Berufsgerichtsbarkeit

§ 32

Berufsgerichtliche Maßnahmen

(1) Gegen Mitglieder der Architektenkammer und Kapitalgesellschaften nach § 8 Abs. 1, die ihre Berufspflichten schuldhaft verletzen, kann ein berufsgerichtliches Verfahren durchgeführt werden. Das Gleiche gilt für auswärtige Berufsangehörige und auswärtige Berufsgesellschaften, die in der Bundesrepublik Deutschland nicht in einer Architekten- oder Stadtplanerliste oder in einem dem § 8 vergleichbaren Gesellschaftsverzeichnis eingetragen sind, wenn sie die in § 1 bezeichneten Tätigkeiten in Rheinland-Pfalz ausüben. Einem berufsgerichtlichen Verfahren steht nicht entgegen, dass der Vorstand der Architektenkammer wegen desselben Sachverhalts bereits nach § 24 eine Rüge erteilt hat; § 54 Abs. 2 HeilBG ist sinngemäß anzuwenden.

(2) Gegen die Mitglieder der Architektenkammer kann erkannt werden auf

1.

Verweis,

2.

Geldbuße bis dreißigtausend Euro,

3.

Entziehung des aktiven und passiven Berufswahlrechts für die Dauer von mindestens fünf bis höchstens zehn Jahren,

4.

Löschung der Eintragung in die Architektenliste.

Die in Satz 1 Nr. 2 und 3 aufgeführten Maßnahmen können nebeneinander verhängt werden.
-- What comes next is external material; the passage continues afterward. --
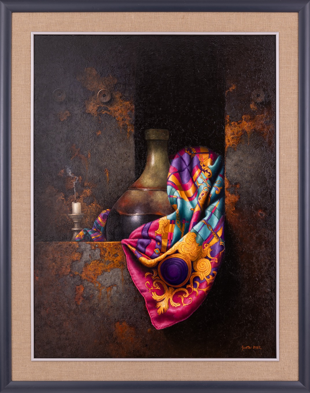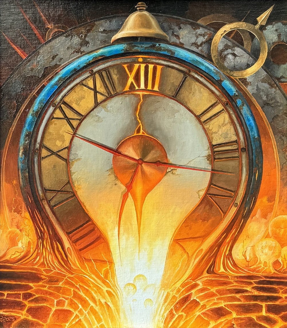 sygnowany l.d. [monogram 'JJ'] oraz opisany na odwrocie: 'JJ | JAROSŁAW | JAŚNIKOWSKI | "CZAS WYTOPIONY W LAWIE" | RZYMÓWKA 24.10.2025 | NR-988' pieczęć artysty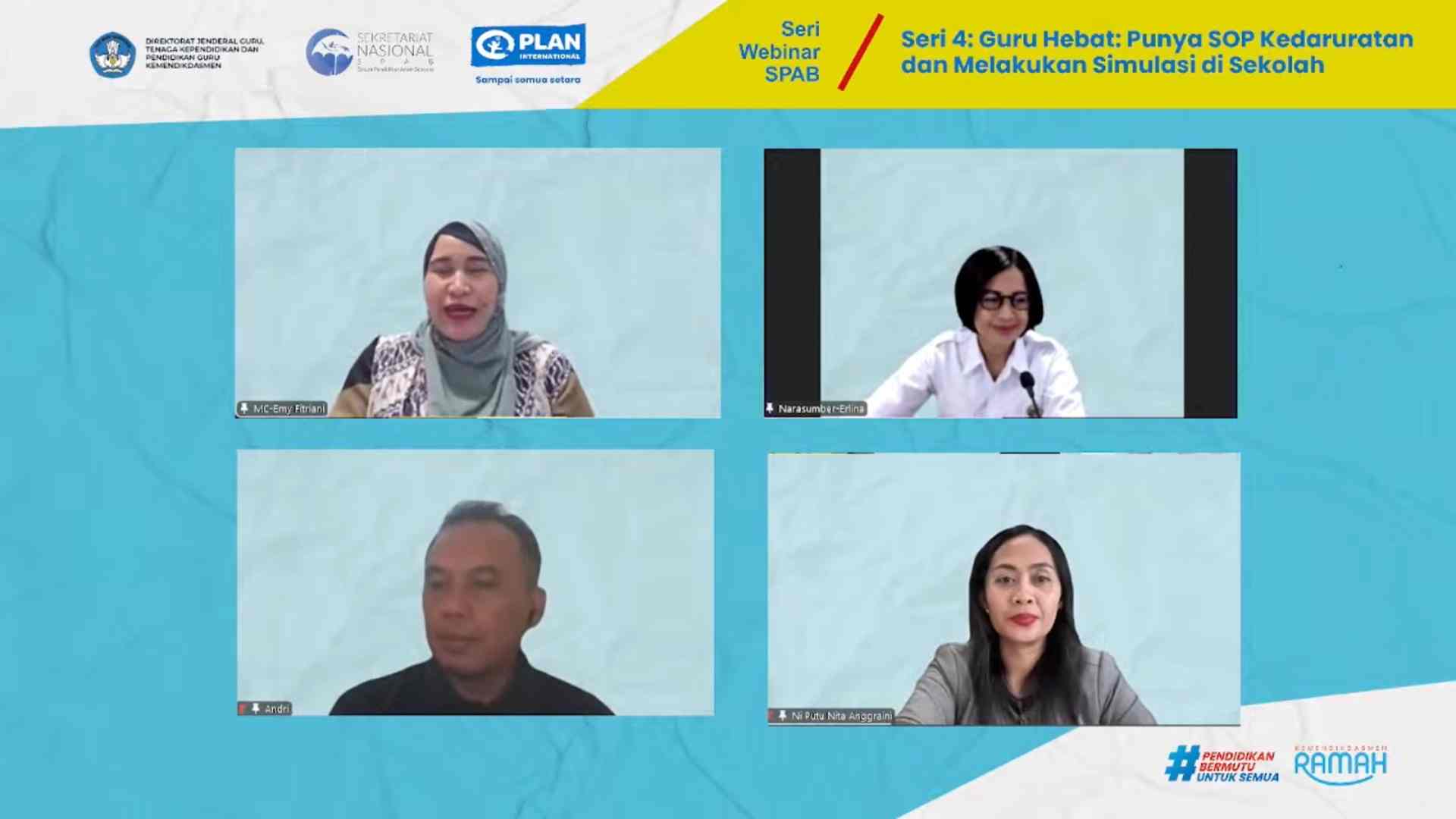 Tak hanya sekadar pendidik, guru kini diposisikan sebagai agen pelindung anak dan pelopor budaya aman di sekolah. Webinar ini menjadi bukti konkret bahwa SPAB bukan sebatas program pelengkap, melainkan fondasi sistem pendidikan adaptif terhadap risiko bencana maupun kekerasan.

(3) Gegen die Kapitalgesellschaften nach § 8 Abs. 1 kann erkannt werden auf

1.

Verweis,

2.

Geldbuße bis sechzigtausend Euro,

3.

Löschung der Eintragung in das Gesellschaftsverzeichnis.

(4) Gegen die im Verzeichnis für auswärtige Berufsangehörige oder im Verzeichnis für auswärtige Berufsgesellschaften Eingetragenen kann außer den Maßnahmen nach Absatz 2 Nr. 1 und 2 oder Absatz 3 Nr. 1 und 2 das Verbot verhängt werden, die Berufsbezeichnung zu führen.

(5) Mitglieder der Architektenkammer, die im öffentlichen Dienst stehen, unterliegen hinsichtlich ihrer dienstlichen Tätigkeit nicht der Berufsgerichtsbarkeit.

§ 33

Berufsgerichte

(1) Berufsgerichte sind

1.

das Berufsgericht für Architektenberufe (§ 1 Abs. 1 bis 4), das dem Verwaltungsgericht Mainz angegliedert ist (Berufsgericht),

2.

das Landesberufsgericht für Architektenberufe (§ 1 Abs. 1 bis 4), das dem Oberverwaltungsgericht Rheinland-Pfalz angegliedert ist (Landesberufsgericht).

(2) Die Aufgaben der Geschäftsstelle der Berufsgerichte werden von der Geschäftsstelle der Gerichte wahrgenommen, denen die Berufsgerichte angegliedert sind. Die Kassengeschäfte obliegen der Landesjustizkasse Mainz.

§ 34

Besetzung der Berufsgerichte

(1) Das Berufsgericht entscheidet in der Besetzung mit

1.

einer auf Lebenszeit ernannten Richterin oder einem auf Lebenszeit ernannten Richter der allgemeinen Verwaltungsgerichtsbarkeit als vorsitzendes Mitglied und

2.

zwei Mitgliedern der Architektenkammer als ehrenamtliche beisitzende Mitglieder.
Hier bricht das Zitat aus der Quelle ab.